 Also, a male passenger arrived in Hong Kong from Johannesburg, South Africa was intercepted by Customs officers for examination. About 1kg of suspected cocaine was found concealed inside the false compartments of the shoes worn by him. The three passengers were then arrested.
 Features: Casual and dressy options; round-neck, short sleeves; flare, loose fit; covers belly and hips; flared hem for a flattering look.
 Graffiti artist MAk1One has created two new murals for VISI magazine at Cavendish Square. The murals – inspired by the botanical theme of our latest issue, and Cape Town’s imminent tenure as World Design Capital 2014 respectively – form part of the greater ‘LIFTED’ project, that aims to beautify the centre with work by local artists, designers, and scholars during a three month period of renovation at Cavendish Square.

****************************************

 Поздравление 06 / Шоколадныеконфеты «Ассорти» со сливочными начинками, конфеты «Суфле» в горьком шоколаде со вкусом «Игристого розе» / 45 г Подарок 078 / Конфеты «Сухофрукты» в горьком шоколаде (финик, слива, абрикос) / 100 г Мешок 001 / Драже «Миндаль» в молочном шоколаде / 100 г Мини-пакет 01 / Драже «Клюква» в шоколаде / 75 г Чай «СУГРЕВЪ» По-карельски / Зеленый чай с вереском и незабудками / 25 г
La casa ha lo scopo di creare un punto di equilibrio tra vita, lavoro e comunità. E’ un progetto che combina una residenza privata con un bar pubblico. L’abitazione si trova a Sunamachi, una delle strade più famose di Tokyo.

****************************************

▶ [What this task involves]: Look above for the line with "Поздравление 06 /" and the line with "La casa ha lo", and reproduce exactly those two lines plus every line between, nothing more.

▶ [Final answer]:
 Поздравление 06 / Шоколадныеконфеты «Ассорти» со сливочными начинками, конфеты «Суфле» в горьком шоколаде со вкусом «Игристого розе» / 45 г Подарок 078 / Конфеты «Сухофрукты» в горьком шоколаде (финик, слива, абрикос) / 100 г Мешок 001 / Драже «Миндаль» в молочном шоколаде / 100 г Мини-пакет 01 / Драже «Клюква» в шоколаде / 75 г Чай «СУГРЕВЪ» По-карельски / Зеленый чай с вереском и незабудками / 25 г
La casa ha lo scopo di creare un punto di equilibrio tra vita, lavoro e comunità. E’ un progetto che combina una residenza privata con un bar pubblico. L’abitazione si trova a Sunamachi, una delle strade più famose di Tokyo.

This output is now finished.